(DATA FOR THIS EXERCISE begins)

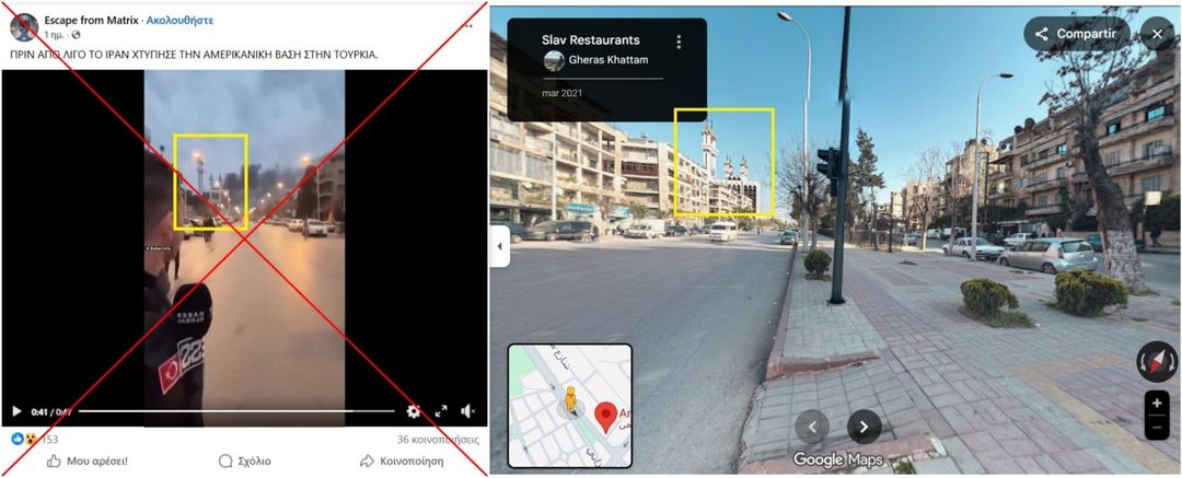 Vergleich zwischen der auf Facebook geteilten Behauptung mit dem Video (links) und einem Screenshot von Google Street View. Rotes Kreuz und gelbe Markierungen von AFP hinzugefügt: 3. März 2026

(DATA FOR THIS EXERCISE ends)
(DATA FOR THIS EXERCISE begins)

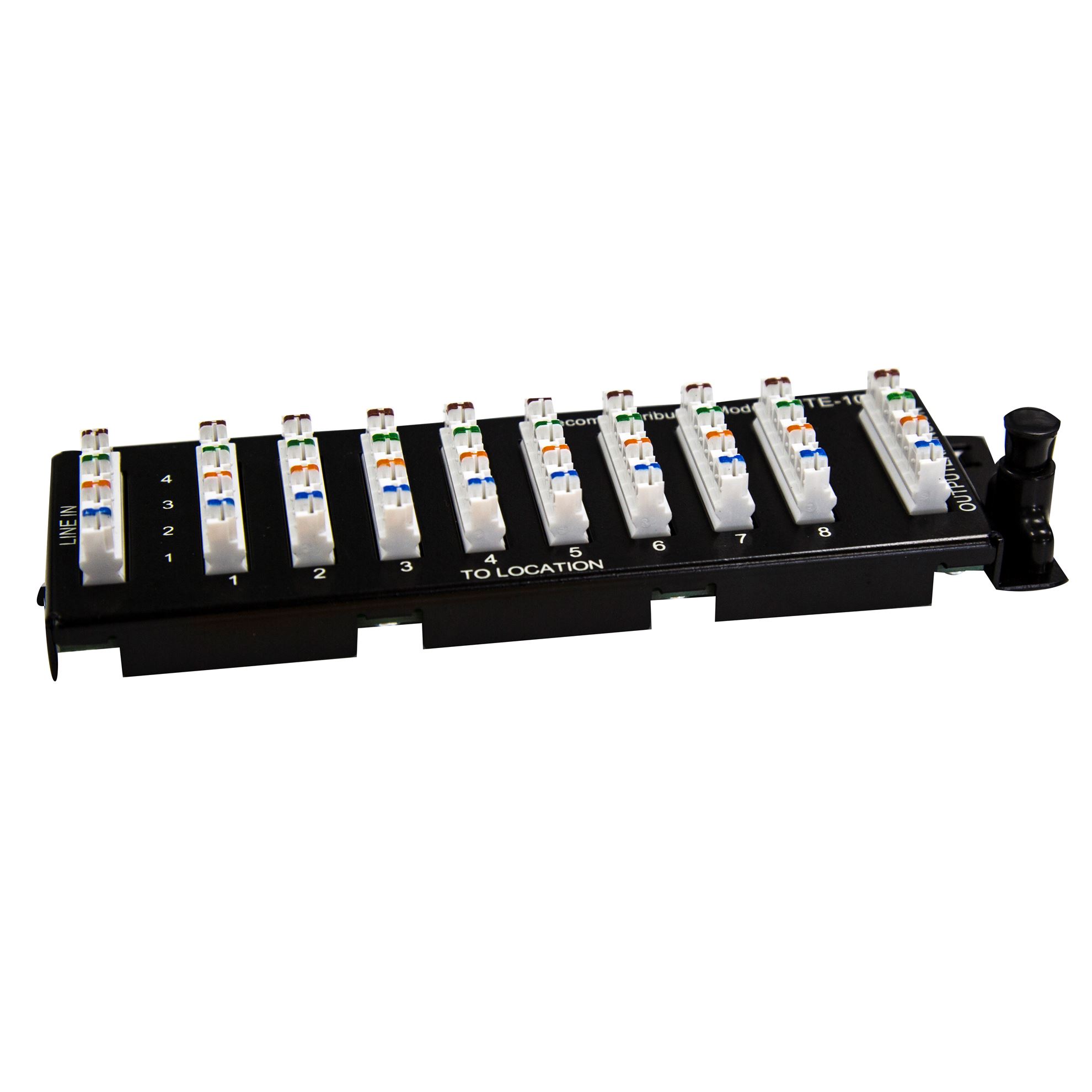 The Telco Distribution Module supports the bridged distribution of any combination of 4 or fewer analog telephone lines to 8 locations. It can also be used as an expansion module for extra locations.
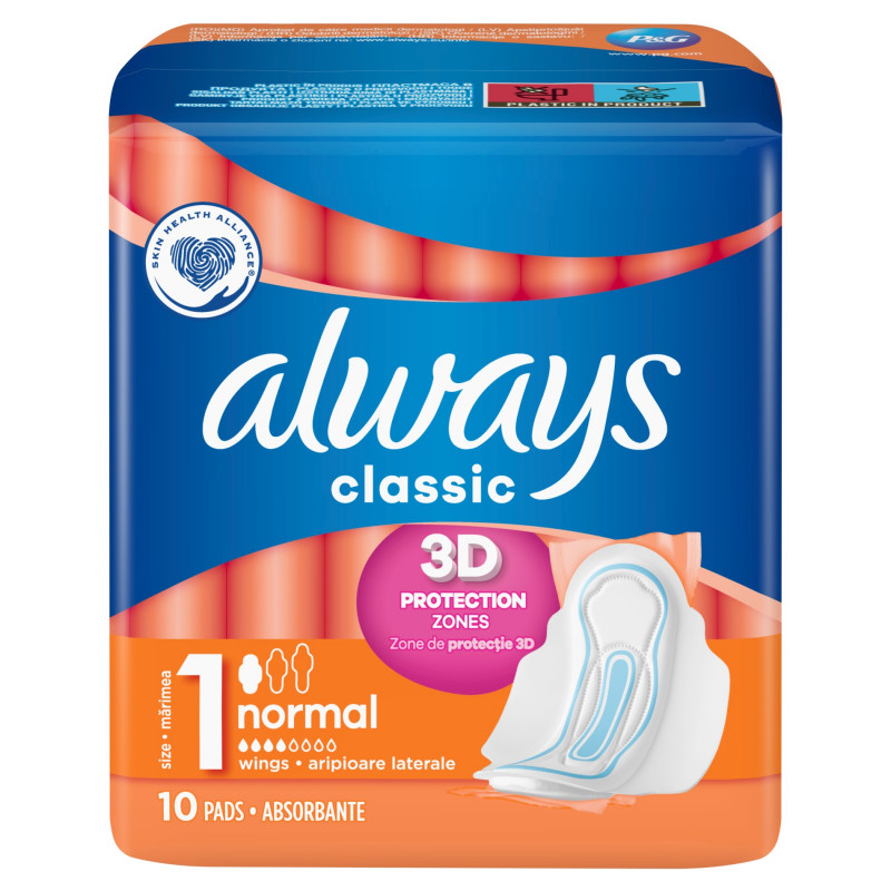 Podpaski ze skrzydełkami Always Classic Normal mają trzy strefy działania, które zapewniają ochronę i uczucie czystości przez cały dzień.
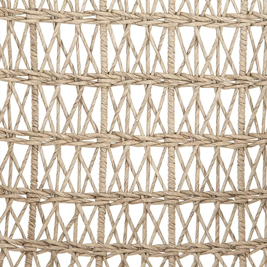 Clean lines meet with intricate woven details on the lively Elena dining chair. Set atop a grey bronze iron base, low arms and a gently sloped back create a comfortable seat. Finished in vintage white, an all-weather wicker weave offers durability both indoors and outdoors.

(DATA FOR THIS EXERCISE ends)
(DATA FOR THIS EXERCISE begins)

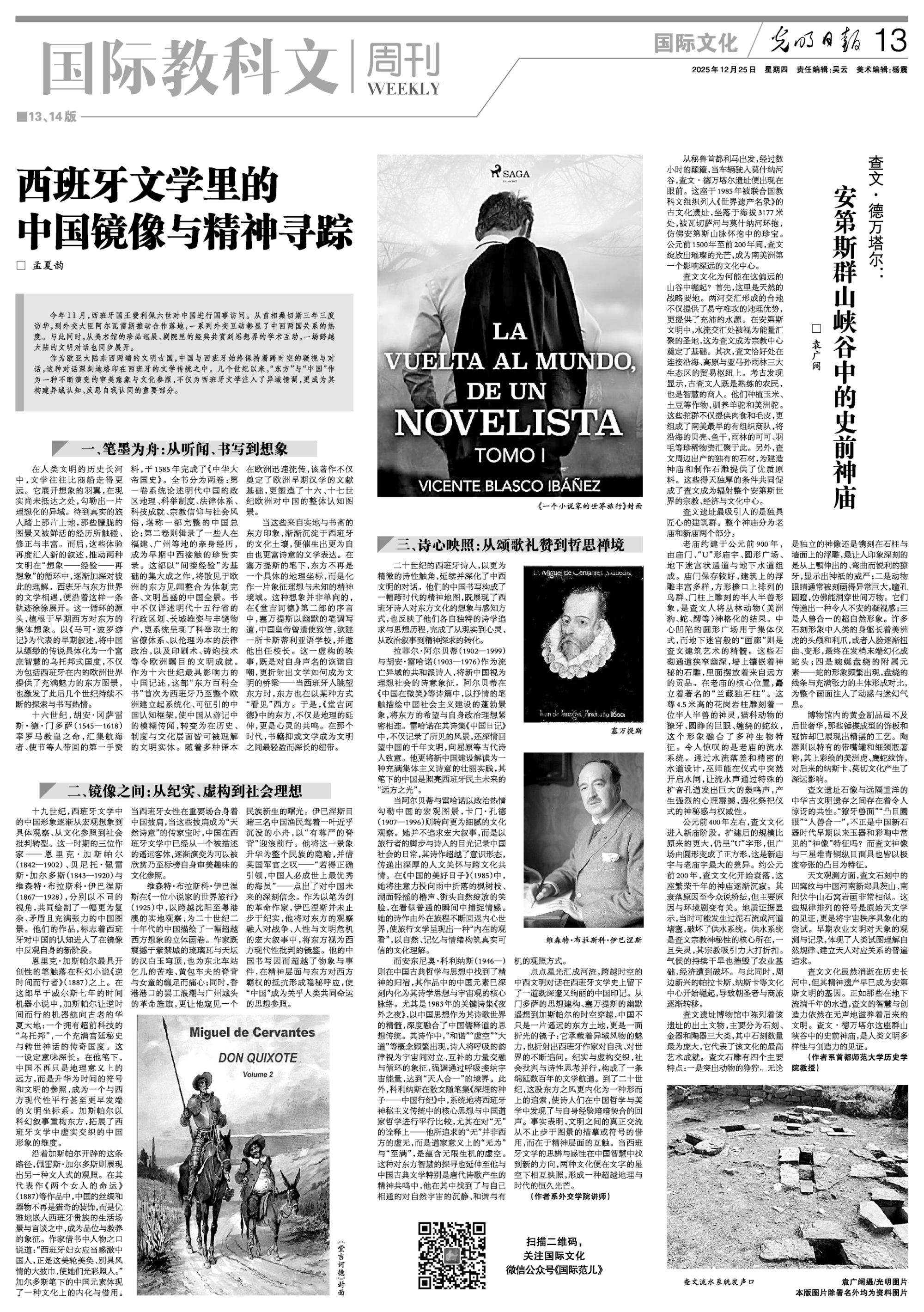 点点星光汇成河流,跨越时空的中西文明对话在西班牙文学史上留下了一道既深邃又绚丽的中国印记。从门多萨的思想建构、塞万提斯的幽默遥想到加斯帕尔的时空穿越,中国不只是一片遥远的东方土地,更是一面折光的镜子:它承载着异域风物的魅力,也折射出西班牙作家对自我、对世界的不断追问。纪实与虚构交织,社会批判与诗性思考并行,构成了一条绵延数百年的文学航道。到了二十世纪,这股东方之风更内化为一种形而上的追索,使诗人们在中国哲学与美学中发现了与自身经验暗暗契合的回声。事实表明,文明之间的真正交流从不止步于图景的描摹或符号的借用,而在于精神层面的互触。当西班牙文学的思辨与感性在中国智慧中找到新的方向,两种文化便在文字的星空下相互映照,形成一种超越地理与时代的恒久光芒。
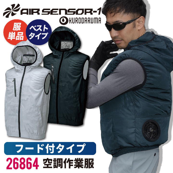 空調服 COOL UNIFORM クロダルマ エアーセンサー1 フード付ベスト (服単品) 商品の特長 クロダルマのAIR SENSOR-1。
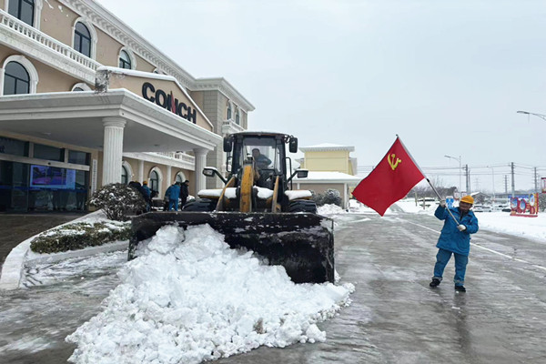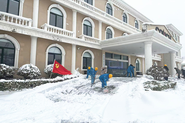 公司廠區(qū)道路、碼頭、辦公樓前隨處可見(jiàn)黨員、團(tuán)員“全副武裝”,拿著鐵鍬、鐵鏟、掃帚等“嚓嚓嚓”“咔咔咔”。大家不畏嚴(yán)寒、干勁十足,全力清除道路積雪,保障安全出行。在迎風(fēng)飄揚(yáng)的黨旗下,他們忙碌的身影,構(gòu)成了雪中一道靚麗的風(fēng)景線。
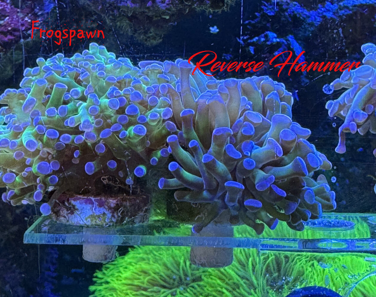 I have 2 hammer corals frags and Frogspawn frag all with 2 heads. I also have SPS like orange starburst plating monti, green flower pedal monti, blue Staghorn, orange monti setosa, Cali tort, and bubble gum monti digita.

(DATA FOR THIS EXERCISE ends)

EXERCISE DESCRIPTION: In the data above, start at the line holding "公司廠區(qū)道路、碼頭、" and stop after the line holding "I have 2 hammer"; write out those lines exactly, without pictures.

SOLVED EXERCISE:
 公司廠區(qū)道路、碼頭、辦公樓前隨處可見(jiàn)黨員、團(tuán)員“全副武裝”,拿著鐵鍬、鐵鏟、掃帚等“嚓嚓嚓”“咔咔咔”。大家不畏嚴(yán)寒、干勁十足,全力清除道路積雪,保障安全出行。在迎風(fēng)飄揚(yáng)的黨旗下,他們忙碌的身影,構(gòu)成了雪中一道靚麗的風(fēng)景線。
 I have 2 hammer corals frags and Frogspawn frag all with 2 heads. I also have SPS like orange starburst plating monti, green flower pedal monti, blue Staghorn, orange monti setosa, Cali tort, and bubble gum monti digita.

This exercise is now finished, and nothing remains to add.